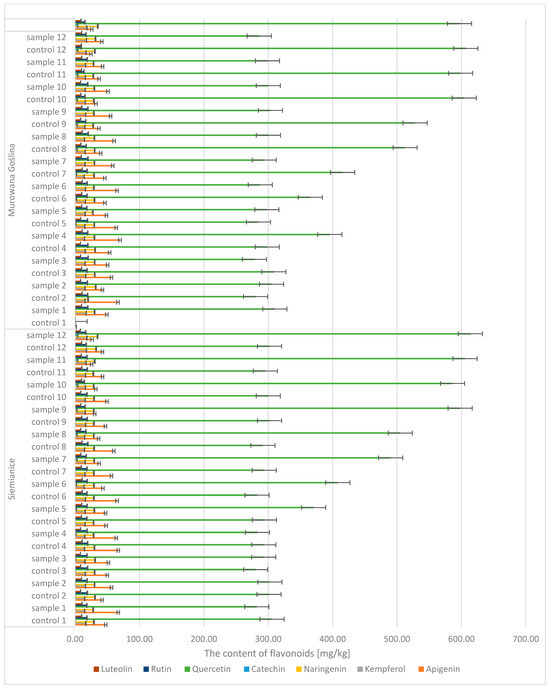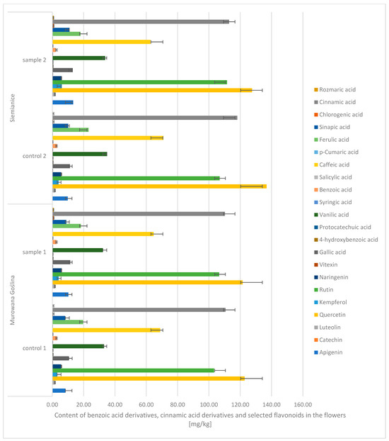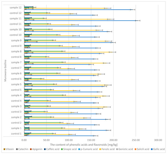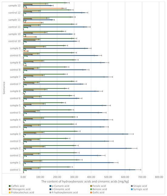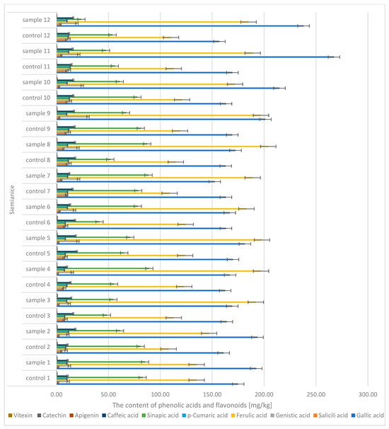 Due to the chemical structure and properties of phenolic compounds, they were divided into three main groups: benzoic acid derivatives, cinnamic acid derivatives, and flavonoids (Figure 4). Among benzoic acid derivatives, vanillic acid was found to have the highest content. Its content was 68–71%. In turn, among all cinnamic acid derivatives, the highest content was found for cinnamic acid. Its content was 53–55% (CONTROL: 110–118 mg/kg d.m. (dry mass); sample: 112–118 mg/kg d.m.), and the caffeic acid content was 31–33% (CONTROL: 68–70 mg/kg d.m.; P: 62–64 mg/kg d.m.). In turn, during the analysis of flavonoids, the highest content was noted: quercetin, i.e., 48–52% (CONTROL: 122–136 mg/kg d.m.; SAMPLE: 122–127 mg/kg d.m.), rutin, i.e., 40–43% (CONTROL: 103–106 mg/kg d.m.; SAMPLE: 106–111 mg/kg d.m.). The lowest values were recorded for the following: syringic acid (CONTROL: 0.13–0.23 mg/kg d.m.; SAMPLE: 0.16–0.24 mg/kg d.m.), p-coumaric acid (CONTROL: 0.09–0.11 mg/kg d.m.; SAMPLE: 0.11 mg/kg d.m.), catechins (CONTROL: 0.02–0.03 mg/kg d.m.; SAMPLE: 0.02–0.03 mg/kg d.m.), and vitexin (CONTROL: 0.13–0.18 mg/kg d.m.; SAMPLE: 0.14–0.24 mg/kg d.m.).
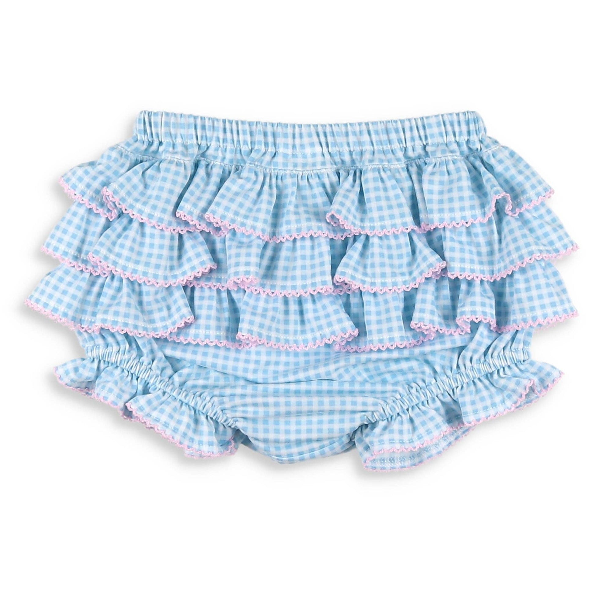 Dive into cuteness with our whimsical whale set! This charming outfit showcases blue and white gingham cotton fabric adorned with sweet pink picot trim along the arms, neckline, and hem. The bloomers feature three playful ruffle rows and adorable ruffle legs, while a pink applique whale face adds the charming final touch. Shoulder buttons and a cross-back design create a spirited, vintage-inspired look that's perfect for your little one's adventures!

+++

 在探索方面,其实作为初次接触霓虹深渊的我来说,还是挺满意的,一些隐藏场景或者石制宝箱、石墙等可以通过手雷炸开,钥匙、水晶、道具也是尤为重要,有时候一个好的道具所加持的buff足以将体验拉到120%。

+++

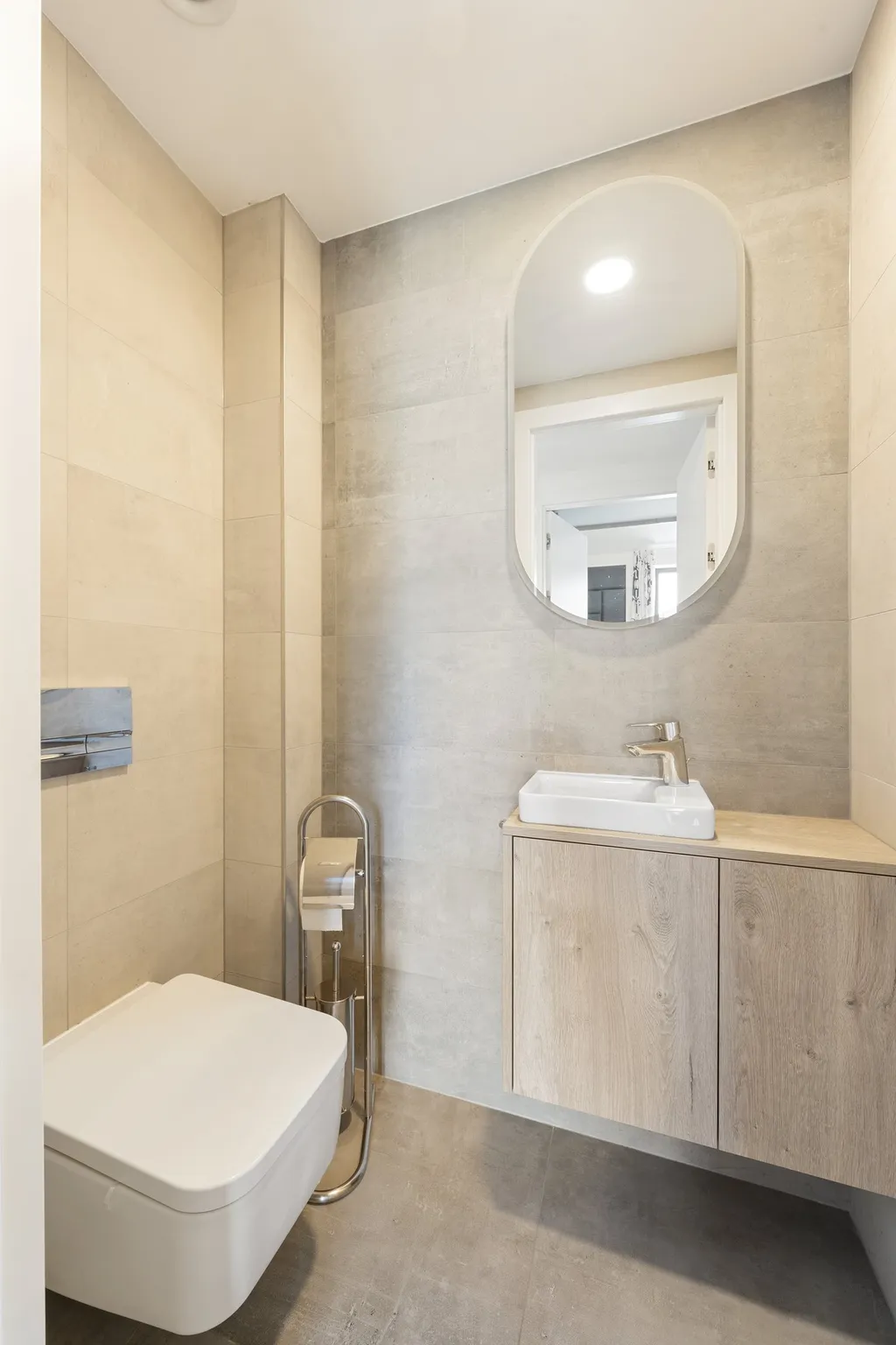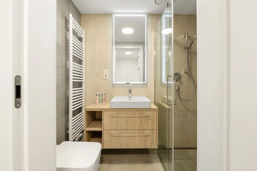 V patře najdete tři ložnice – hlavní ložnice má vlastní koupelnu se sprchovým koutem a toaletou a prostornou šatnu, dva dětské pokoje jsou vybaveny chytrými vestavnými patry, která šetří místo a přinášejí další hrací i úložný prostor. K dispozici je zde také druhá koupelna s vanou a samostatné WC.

+++

YOUR TASK | All lines above starting at the one with "Due to the chemical" and ending at the one with "Dive into cuteness", inclusive, are to be printed again exactly, with the pictures left out.

EXERCISE ANSWER |
 Due to the chemical structure and properties of phenolic compounds, they were divided into three main groups: benzoic acid derivatives, cinnamic acid derivatives, and flavonoids (Figure 4). Among benzoic acid derivatives, vanillic acid was found to have the highest content. Its content was 68–71%. In turn, among all cinnamic acid derivatives, the highest content was found for cinnamic acid. Its content was 53–55% (CONTROL: 110–118 mg/kg d.m. (dry mass); sample: 112–118 mg/kg d.m.), and the caffeic acid content was 31–33% (CONTROL: 68–70 mg/kg d.m.; P: 62–64 mg/kg d.m.). In turn, during the analysis of flavonoids, the highest content was noted: quercetin, i.e., 48–52% (CONTROL: 122–136 mg/kg d.m.; SAMPLE: 122–127 mg/kg d.m.), rutin, i.e., 40–43% (CONTROL: 103–106 mg/kg d.m.; SAMPLE: 106–111 mg/kg d.m.). The lowest values were recorded for the following: syringic acid (CONTROL: 0.13–0.23 mg/kg d.m.; SAMPLE: 0.16–0.24 mg/kg d.m.), p-coumaric acid (CONTROL: 0.09–0.11 mg/kg d.m.; SAMPLE: 0.11 mg/kg d.m.), catechins (CONTROL: 0.02–0.03 mg/kg d.m.; SAMPLE: 0.02–0.03 mg/kg d.m.), and vitexin (CONTROL: 0.13–0.18 mg/kg d.m.; SAMPLE: 0.14–0.24 mg/kg d.m.).
 Dive into cuteness with our whimsical whale set! This charming outfit showcases blue and white gingham cotton fabric adorned with sweet pink picot trim along the arms, neckline, and hem. The bloomers feature three playful ruffle rows and adorable ruffle legs, while a pink applique whale face adds the charming final touch. Shoulder buttons and a cross-back design create a spirited, vintage-inspired look that's perfect for your little one's adventures!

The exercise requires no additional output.